La critique [evene]

Mathieu Laviolette-Slanka

Cinq danseurs, deux hommes et trois femmes, investissent le plateau nu et blanc pour le transformer en champ de bataille plastique. Cinq caractères progressivement amenés et définis sous nos yeux tout au long du spectacle pour manifester jusqu’à l’orgasme, jusqu’au sacrifice également, le danger d’un comportement calqué sur l’autre – qu’il soit groupe (la société) ou individuel (l’ami, l’amant).
La pulsion animale, voilà le moteur de ‘Singular Sensation’, spectacle engagé qui tient tout autant de la performance que du travail de la matière. Ca gicle, ça tache les murs, les corps se tordent et se chevauchent, copulations simulées pour échapper à une solitude qui plane comme une menace fatale. Un faux héros aux atours de Superman devient la marionnette de ses fans et finit loqueteux, figure tutélaire ramenée au rang de poussière en quelques portés. Gestes répétés jusqu’à la nausée, rires frénétiques et cris jappés forment une atmosphère de plus en plus oppressante, englobée dans une bande-son pour le moins expérimentale.

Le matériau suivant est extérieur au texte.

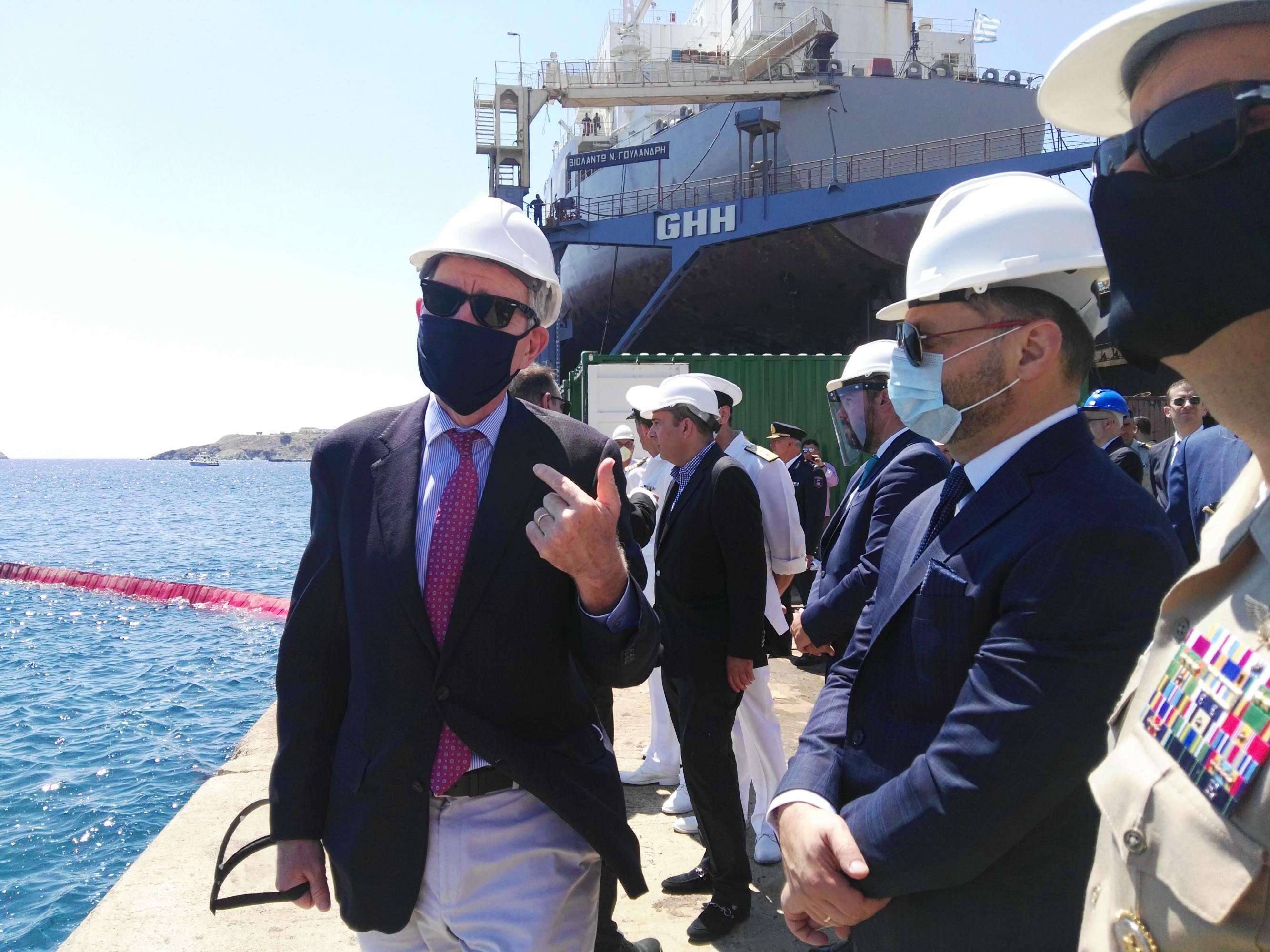 Αμέσως μετά την παρουσίαση των δύο βίντεο για το πέρασμα του Νεωρίου από το παρελθόν, στο παρόν και το μέλλον, ακολούθησε η ξενάγηση του κ. Πάιατ και των τεσσάρων Υπουργών στις εγκαταστάσεις του ναυπηγείου, από τις οποίες παρακολούθησαν άσκηση απορρύπανσης της θάλασσας, από την πλευρά του Λιμεναρχείου Σύρου και των καβοδετών, με τη συνδρομή πλωτών μέσων.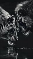 Dit kunstwerk vangt een krachtig en intiem moment tussen twee leeuwen, weergegeven in een prachtig zwart-wit palet.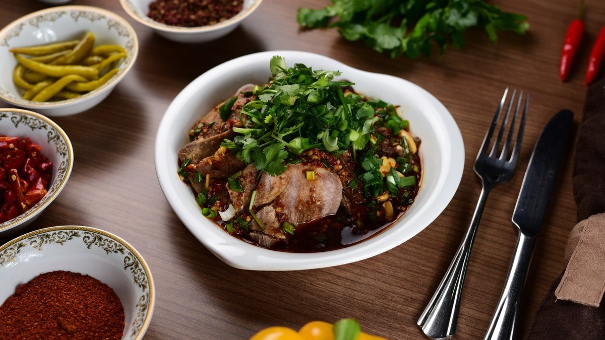 Салат с говяжьим языком фу чи пья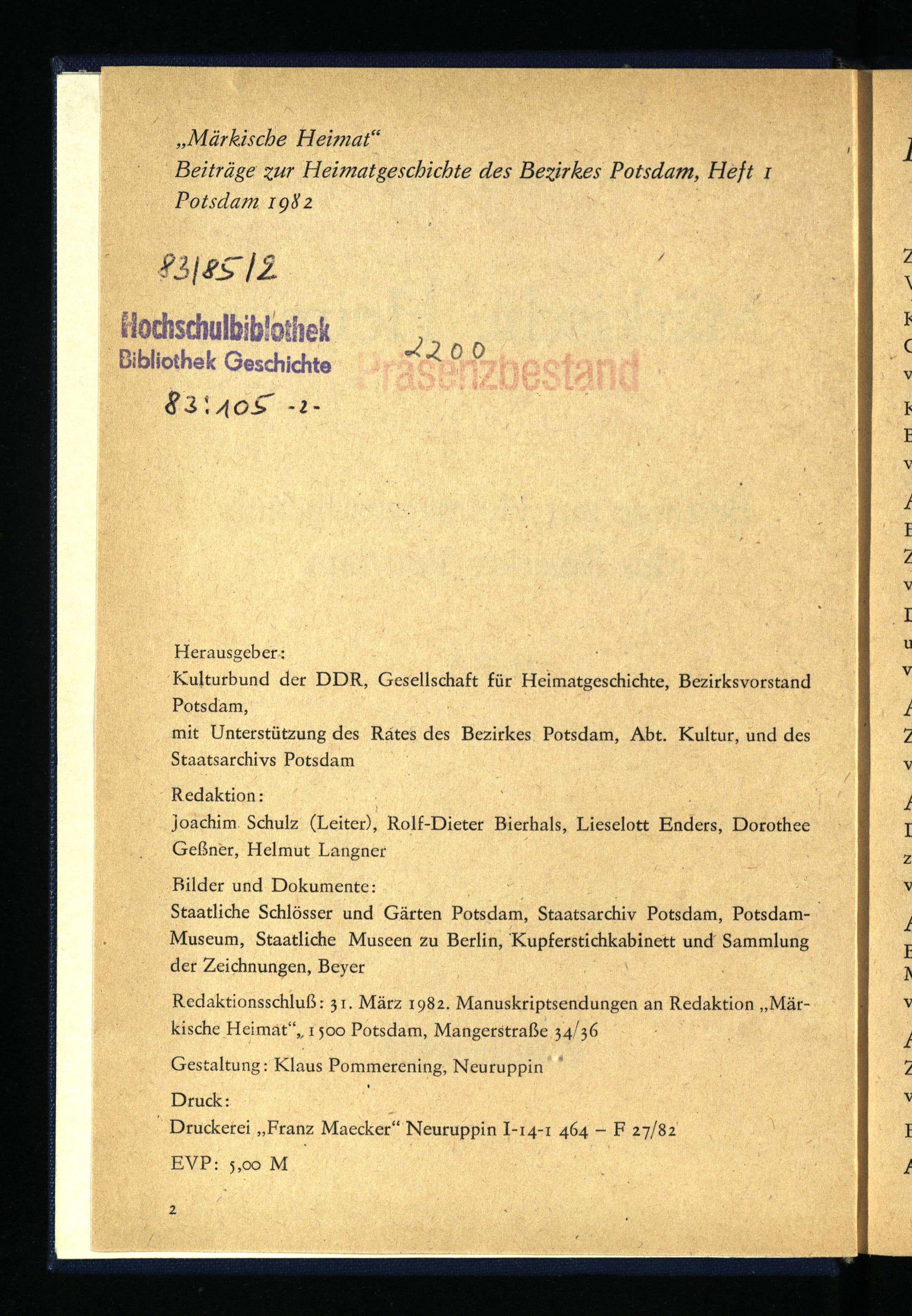 Märkische Heimat : Beiträge zur Heimatgeschichte des Bezirkes Potsdam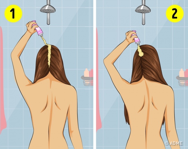3. Змивання повинно займати вдвічі більше часу, ніж нанесення. Стилісти рекомендують змивати шампунь під душем протягом 5 хвилин. Залишилися і висохлі частинки шампуню можуть призвести до тьмяного кольору волосся і появи лусочок на шкірі голови.

Les danseurs mutilés glissent, s’éloignent et se retrouvent : difficulté de se construire en tant qu’être autonome, difficulté de penser, de vivre seul.
On pourrait croire que tout ce mouvement purge le spectacle de sa substance. Bien malin d’ailleurs celui qui pourra mettre des mots sur la sensation très particulière qui vous envahit au fur et à mesure, décuplant l’horreur de certains gestes comme le ridicule de certaines situations. Les scènes se mêlent en tout gélatineux, agressif, dont on ressort éclaboussé et l’esprit sonné. A défaut d’avoir pensé, on est ému. A chacun d’y mettre ses propres mots.